Sorry to hear that man.


----------



## titan505 (Jun 5, 2007)

blbig50 said:


> Sorry to hear that man.


thanks guys all put a pic up if i can figure out how to do it im not good at computers. i think he died of a broken jaw cuz his jaw was all broken sad day.

o i put him in a dehydrator its hard to let that bastard go


----------



## Piranha_man (Jan 29, 2005)

I just pop a cork in their mouths to stretch it open, bend them into whatever position I want and let 'em dry.
I then spray like literally 50 coats of high gloss furniture polish on 'em.

Looks killer.
I have 5 that are ready now to be mounted on some bogwood.

Here's the S. altuvei I did...

Oh, and don't forget to cut the lips off with a razor blade while the fish is still "Pliable."


----------



## notaverage (Sep 10, 2005)

Interesting...why not post the rest P man?


----------



## Piranha_man (Jan 29, 2005)

notaverage said:


> Interesting...why not post the rest P man?

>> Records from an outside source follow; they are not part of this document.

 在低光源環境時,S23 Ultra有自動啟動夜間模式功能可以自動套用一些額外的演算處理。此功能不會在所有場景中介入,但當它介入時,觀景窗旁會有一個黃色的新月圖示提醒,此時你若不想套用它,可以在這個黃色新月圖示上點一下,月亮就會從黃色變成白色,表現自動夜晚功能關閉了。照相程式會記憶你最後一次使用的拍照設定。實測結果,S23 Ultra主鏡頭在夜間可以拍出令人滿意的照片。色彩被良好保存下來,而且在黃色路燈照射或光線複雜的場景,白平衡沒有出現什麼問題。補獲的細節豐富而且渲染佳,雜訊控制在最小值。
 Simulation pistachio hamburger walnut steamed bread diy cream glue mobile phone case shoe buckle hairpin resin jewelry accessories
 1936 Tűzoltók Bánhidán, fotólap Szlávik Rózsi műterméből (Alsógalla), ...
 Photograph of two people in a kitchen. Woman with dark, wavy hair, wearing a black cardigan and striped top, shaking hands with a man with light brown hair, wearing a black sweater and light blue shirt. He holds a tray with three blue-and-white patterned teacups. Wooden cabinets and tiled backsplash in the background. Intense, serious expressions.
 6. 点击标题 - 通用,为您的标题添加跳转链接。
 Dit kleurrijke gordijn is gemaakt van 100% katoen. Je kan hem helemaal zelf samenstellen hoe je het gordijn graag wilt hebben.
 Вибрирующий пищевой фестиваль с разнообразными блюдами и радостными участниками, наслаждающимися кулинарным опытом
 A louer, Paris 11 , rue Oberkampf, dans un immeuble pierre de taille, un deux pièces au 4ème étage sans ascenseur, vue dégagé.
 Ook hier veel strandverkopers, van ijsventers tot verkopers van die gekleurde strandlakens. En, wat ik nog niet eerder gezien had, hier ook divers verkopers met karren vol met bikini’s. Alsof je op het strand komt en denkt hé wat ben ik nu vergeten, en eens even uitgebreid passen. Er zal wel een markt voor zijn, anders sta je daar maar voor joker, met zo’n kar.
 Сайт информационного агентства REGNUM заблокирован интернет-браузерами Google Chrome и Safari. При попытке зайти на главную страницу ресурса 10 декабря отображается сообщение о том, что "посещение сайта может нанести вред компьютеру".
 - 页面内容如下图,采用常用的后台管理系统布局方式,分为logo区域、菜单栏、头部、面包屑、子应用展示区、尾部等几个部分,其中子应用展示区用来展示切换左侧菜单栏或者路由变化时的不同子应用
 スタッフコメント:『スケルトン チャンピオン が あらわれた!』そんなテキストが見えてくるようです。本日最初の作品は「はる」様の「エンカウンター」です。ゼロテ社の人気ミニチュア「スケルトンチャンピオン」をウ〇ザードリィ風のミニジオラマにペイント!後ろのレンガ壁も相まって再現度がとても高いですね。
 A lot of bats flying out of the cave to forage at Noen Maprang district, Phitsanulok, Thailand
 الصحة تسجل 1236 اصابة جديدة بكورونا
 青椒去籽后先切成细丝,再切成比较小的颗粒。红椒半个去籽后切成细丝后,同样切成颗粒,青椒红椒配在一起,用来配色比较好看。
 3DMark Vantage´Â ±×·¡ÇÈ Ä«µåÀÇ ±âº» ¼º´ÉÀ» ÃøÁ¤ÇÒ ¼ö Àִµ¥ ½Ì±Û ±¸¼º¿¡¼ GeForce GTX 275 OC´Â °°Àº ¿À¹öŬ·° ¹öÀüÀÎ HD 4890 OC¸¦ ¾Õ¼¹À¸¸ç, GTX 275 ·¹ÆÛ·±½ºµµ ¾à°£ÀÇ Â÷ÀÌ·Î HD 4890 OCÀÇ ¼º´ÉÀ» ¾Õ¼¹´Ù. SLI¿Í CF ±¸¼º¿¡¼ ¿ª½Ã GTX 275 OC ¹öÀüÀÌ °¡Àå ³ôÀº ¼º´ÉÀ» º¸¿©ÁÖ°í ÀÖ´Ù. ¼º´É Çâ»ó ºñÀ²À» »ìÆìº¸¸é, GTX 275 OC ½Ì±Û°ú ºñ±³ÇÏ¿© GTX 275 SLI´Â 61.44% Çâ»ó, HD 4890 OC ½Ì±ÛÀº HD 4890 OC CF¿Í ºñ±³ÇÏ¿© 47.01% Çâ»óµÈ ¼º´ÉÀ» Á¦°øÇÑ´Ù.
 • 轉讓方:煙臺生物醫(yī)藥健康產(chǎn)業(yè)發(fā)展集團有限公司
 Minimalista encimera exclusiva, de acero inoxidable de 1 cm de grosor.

'Cause they're all dried and polished... but just sitting in a box ready for me to mount.
I don't have any pics of 'em.

Once I get the whole thing done, I'll post pics.
I'm gonna have all 5 reds on the same piece of bogwood... and one red which there's only the head... he'll be kinda 'coming out' of the bogwood somewhere...
It's gonna require finding just the right piece of bogwood for sure.

Notaverage... nice to see you again... haven't seen you around for awhile.


----------



## notaverage (Sep 10, 2005)

yeah...I haven't been able to drink and sit on the computer lately..haha
been takin care of the baby and havent been caring for my tanks the past 4 weeks...just cleaned them tonight.
Well...I probably won't be back for a while...works busying and so is having a baby!
Thank god my wife sleeps downstairs on the couch with the baby so I can sleep at night HAHAHA...
Its her choice though so don't bash me.
later.

GOOD LUCK MOUNTING THEM BUDDY!


----------



## Piranha_man (Jan 29, 2005)

notaverage said:


> yeah...I haven't been able to drink and sit on the computer lately..haha
> been takin care of the baby and havent been caring for my tanks the past 4 weeks...just cleaned them tonight.
> Well...I probably won't be back for a while...works busying and so is having a baby!
> Thank god my wife sleeps downstairs on the couch with the baby so I can sleep at night HAHAHA...
> ...


Thanks.
And good luck with the baby!
That's so cool that you're a dad.

Be sure to keep us updated with pics!


----------



## Murphy18 (Oct 17, 2008)

Piranha_man said:


> Interesting...why not post the rest P man?


'Cause they're all dried and polished... but just sitting in a box ready for me to mount.
I don't have any pics of 'em.

Once I get the whole thing done, I'll post pics.
I'm gonna have all 5 reds on the same piece of bogwood... and one red which there's only the head... he'll be kinda 'coming out' of the bogwood somewhere...
It's gonna require finding just the right piece of bogwood for sure.

Notaverage... nice to see you again... haven't seen you around for awhile.








[/quote]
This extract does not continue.